How to grab specifc data from another website with PHP's fgetcsv and fopen

I'd like to be able to grab data such as list of articles from yahoo finance. At the moment I have a local hosted webpage that searched yahoo finance for stock symbols (E.g Nok), It then returns the opening price, current price, and how far up or down the price has gone.
What I'd like to do is actually grab related links that yahoo has on the page - These links have articles related to the share price...E.g https://au.finance.yahoo.com/q?s=nok&ql=1 Scroll down to headlines, I'd like to grab those links.
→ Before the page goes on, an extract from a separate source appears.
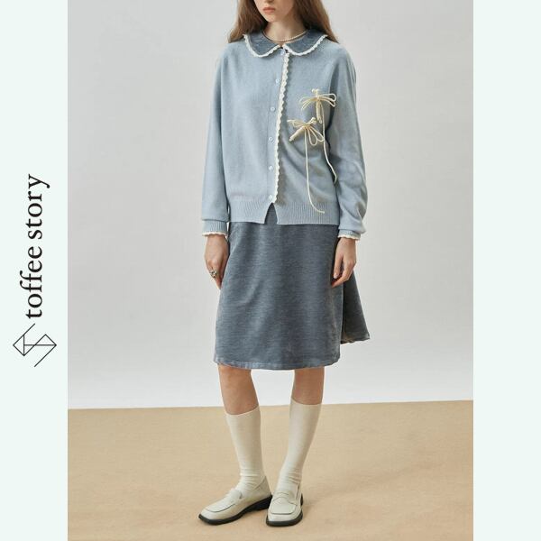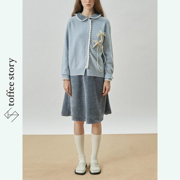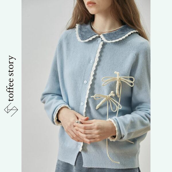 ライトブルーのやわらかな色合いに、合わせ部分へ繊細なレースがそっと寄り添うカーディガン。

At the moment I'm working off a book (PHP Advanced for the world wide web, I know it's old but I found it laying around yesterday and it's quite interesting :) ) In the book it says 'It's important when accessing web pages to know exactly where the data is' - I would think by now there would be a way around this...Maybe the ability to search for links that have a particular keyword in it or something like that!
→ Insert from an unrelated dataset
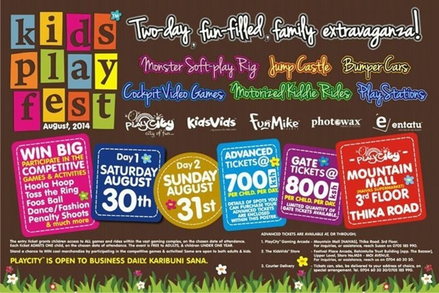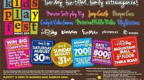 Enjoy the best of this edition of the Kids Play Fest, a 2-day, fun-filled, family play extravaganza that goes down at Play City conveniently located at Mountain Mall - Thika Road, on the 30th & 31st of August, 2014.

I'm wondering if theres a special trick I can use to grab particular bits of data on a webpage?? Like crawlers, they are able to grab links that are related to something.
It would be great to know how to do this, then i'd be able to apply it to other subjects in the future.
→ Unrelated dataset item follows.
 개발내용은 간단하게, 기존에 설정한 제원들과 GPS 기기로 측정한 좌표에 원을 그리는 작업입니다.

Ill add my code that I have at the moment. This is purely for practise as I'm learning PHP in my course :)
##getquote.php
<!DOCTYPE html PUBLIC "-//W3// DTD XHTML 1.0 Transitional//EN"
"http://www.w3.org/TR/2000/REC-xhtml1-20000126/DTD/xhtml1-transitional.dtd">
<html xmlns="https://www.w3.org/1999/xhtml">
<head>
<title>Get Stock Quotes</title>
<link href='css/style.css' type="text/css" rel="stylesheet">
</head>
<h1>Stock Reader</h1>
<body>
<?php
//Read[1] = current price
//read[5] = opening price
//read[4] = down or up whatever percent from opening according to current price
//Step one
//Begin the PHP section my checking if the form has been submitted
if(isset($_POST['submit'])){
//Step two
//Check if a stock symbol was entered.
if(isset($_POST['symbol'])){
//Define the url to be opened
$url = 'http://quote.yahoo.com/d/quotes.csv?s=' . $_POST['symbol'] . '&f=sl1d1t1c1ohgv&e=.csv';
//Open the url, if can't SHUTDOWN script and write msg
$fp = fopen($url, 'r') or die('Cannot Access YAHOO!.');
//This will get the first 30 characters from the file located in $fp
$read = fgetcsv ($fp, 30);
//Close the file processsing.
fclose($fp);
include("php/displayDetails.php");
}
else{
echo "<div style='color:red'>Please enter a SYMBOL before submitting the form</div>";
}
}
?>
<form action='getquote.php' method='post'>
<p>Symbol: </p><input type='text' name='symbol'>
<br />
<input type="submit" value='Fetch Quote' name="submit">
</form>
<br />
<br />
##displayDetails.php
<div class='display-contents'>
<?php
echo "<div>Todays date: " . $read[2] . "</div>";
//Current price
echo "<div>The current value for " . $_POST["symbol"] . " is <strong>$ " . $read[1] . "</strong></div>";
//Opening Price
echo "<div>The opening value for " . $_POST["symbol"] . " is <strong>$ " . $read[5] . "</strong></div>";
if($read[1] < $read[5])
{
//Down or Up depending on opening.
echo "<div>" .strtoupper($_POST['symbol']) ."<span style='color:red'> <em>IS DOWN</em> </span><strong>$" . $read[4] . "</strong></div>";
}
else{
echo "<div>" . strtoupper($_POST['symbol']) ."<span style='color:green'> <em>IS UP</em> </span><strong>$" . $read[4] . "</strong></div>";
}
added code to displayDetails.php
function getLinks(){
$siteContent = file_get_contents($url);
$div = explode('class="yfi_headlines">',$siteContent);
// every thing inside is a content you want
$innerContent = explode('<div class="ft">',$div)[0]; //now you have inner content of your div;
$list = explode("<ul>",$innerConent)[1];
$list = explode("</ul>",$list)[0];
echo $list;
}
?>
</div>
I just the same code in - I didn't really know what I should do with it?!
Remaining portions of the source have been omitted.